*** Opening of Supplied material ***

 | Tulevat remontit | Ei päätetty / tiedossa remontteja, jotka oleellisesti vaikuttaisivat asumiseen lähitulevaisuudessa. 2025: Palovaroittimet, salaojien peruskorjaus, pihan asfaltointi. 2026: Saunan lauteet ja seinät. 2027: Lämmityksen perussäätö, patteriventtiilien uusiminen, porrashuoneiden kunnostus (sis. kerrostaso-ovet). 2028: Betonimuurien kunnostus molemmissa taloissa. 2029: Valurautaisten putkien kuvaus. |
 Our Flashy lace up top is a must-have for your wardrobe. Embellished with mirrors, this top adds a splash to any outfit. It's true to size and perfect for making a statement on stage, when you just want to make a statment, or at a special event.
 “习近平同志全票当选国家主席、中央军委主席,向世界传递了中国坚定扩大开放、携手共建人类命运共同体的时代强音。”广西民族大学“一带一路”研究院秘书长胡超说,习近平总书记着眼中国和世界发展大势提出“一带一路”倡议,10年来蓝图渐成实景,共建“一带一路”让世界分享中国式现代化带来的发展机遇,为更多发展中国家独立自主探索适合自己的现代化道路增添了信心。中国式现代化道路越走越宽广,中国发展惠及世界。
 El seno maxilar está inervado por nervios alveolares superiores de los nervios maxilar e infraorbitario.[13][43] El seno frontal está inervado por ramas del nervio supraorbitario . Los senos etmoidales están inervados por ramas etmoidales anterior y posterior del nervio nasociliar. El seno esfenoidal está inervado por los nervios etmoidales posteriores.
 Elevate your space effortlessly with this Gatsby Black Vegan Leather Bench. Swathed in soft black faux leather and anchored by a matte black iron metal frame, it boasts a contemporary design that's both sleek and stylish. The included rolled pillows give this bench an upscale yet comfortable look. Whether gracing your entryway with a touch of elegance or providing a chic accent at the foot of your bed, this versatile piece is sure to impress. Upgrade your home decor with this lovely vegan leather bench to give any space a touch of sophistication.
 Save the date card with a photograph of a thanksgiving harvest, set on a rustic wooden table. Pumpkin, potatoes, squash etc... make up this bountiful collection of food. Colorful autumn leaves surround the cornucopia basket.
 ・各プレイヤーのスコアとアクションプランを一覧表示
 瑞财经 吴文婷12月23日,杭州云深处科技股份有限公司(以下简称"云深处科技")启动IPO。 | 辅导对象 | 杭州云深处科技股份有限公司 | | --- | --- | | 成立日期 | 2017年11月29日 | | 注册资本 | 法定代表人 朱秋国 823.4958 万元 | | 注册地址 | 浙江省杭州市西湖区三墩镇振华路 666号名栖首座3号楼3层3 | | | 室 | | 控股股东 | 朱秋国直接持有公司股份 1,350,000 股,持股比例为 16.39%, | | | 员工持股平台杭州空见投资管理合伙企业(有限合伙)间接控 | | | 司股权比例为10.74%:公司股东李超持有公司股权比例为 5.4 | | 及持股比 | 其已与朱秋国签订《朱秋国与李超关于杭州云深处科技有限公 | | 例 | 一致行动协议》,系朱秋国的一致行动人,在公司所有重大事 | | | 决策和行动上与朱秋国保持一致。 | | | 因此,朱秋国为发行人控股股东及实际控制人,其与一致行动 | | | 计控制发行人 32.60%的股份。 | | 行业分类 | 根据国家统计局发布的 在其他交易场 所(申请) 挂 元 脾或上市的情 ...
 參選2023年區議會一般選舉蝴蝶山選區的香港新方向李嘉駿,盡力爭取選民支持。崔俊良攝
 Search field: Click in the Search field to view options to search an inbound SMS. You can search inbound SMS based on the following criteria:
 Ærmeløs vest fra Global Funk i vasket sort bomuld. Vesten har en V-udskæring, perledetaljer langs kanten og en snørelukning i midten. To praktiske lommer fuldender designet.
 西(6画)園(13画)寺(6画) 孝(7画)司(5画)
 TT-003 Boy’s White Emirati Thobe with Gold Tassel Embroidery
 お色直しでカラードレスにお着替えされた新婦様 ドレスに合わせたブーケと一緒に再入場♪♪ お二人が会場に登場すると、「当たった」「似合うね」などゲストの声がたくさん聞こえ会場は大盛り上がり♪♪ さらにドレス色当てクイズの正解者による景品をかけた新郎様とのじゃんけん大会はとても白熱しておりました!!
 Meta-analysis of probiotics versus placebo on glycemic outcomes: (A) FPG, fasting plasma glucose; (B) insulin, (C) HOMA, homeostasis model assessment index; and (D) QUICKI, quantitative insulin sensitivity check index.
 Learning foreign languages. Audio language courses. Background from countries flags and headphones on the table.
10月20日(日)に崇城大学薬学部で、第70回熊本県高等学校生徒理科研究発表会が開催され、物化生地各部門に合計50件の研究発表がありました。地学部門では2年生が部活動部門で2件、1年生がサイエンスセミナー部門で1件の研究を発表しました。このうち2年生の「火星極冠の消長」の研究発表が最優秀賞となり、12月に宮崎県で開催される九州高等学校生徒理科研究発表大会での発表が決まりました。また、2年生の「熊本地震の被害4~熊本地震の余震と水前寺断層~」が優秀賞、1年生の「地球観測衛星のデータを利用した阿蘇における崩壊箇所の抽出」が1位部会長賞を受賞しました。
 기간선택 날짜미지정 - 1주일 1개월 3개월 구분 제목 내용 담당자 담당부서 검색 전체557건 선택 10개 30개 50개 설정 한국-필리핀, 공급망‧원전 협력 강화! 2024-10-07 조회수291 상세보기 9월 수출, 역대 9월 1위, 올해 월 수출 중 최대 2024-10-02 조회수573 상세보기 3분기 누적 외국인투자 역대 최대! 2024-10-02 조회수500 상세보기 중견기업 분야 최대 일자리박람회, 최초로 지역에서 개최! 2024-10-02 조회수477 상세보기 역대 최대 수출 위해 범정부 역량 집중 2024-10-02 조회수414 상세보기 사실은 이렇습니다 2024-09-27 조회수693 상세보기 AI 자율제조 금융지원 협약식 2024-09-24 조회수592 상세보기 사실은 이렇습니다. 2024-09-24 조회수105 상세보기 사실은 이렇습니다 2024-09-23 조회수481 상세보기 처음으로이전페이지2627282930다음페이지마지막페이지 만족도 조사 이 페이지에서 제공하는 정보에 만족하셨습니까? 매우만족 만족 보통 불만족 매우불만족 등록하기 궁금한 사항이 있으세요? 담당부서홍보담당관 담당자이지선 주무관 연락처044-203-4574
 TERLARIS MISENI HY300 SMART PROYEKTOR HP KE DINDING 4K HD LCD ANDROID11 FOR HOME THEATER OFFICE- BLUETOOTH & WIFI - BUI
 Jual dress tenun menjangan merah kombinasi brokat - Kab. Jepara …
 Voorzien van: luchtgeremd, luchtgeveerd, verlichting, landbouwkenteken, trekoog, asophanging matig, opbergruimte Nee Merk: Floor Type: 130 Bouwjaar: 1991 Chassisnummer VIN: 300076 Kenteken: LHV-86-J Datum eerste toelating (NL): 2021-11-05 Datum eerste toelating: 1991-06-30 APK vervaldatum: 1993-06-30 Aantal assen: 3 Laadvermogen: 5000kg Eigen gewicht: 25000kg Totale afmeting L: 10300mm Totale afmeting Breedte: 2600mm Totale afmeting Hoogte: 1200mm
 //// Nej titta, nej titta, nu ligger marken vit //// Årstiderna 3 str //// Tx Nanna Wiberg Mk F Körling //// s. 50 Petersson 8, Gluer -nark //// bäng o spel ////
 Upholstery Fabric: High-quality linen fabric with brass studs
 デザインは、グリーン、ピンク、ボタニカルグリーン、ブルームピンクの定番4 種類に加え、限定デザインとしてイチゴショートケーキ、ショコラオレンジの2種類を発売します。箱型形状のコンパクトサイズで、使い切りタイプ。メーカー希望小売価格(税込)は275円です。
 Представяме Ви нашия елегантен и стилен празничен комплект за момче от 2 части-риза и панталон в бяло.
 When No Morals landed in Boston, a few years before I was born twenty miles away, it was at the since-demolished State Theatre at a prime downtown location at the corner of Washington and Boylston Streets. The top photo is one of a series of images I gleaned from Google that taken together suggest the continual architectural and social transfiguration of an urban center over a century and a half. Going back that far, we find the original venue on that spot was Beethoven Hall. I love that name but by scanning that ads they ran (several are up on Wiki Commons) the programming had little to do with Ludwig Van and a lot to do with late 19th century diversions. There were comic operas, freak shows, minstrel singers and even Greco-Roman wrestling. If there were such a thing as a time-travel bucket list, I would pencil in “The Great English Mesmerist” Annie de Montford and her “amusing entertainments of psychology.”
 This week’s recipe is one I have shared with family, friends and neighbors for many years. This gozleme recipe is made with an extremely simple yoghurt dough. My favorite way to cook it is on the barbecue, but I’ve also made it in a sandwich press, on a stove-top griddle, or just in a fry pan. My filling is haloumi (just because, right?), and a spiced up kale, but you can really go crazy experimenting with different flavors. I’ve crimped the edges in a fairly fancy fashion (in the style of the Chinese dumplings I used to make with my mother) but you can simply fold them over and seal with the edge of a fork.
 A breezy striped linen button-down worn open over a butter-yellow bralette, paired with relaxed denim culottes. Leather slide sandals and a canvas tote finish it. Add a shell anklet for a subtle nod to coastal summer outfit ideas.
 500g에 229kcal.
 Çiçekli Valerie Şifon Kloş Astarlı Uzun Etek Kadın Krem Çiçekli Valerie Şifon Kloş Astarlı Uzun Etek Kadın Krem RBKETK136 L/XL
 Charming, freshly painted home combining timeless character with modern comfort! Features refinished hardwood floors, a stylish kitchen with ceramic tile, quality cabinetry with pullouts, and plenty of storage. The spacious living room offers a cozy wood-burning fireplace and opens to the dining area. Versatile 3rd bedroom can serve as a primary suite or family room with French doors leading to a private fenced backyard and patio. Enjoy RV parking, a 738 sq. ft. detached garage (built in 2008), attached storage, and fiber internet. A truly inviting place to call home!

*** Close of Supplied material ***

What the exercise asks:
The lines to return are those in the records above that hold the word "linen".

Problem solution:
 Upholstery Fabric: High-quality linen fabric with brass studs
 A breezy striped linen button-down worn open over a butter-yellow bralette, paired with relaxed denim culottes. Leather slide sandals and a canvas tote finish it. Add a shell anklet for a subtle nod to coastal summer outfit ideas.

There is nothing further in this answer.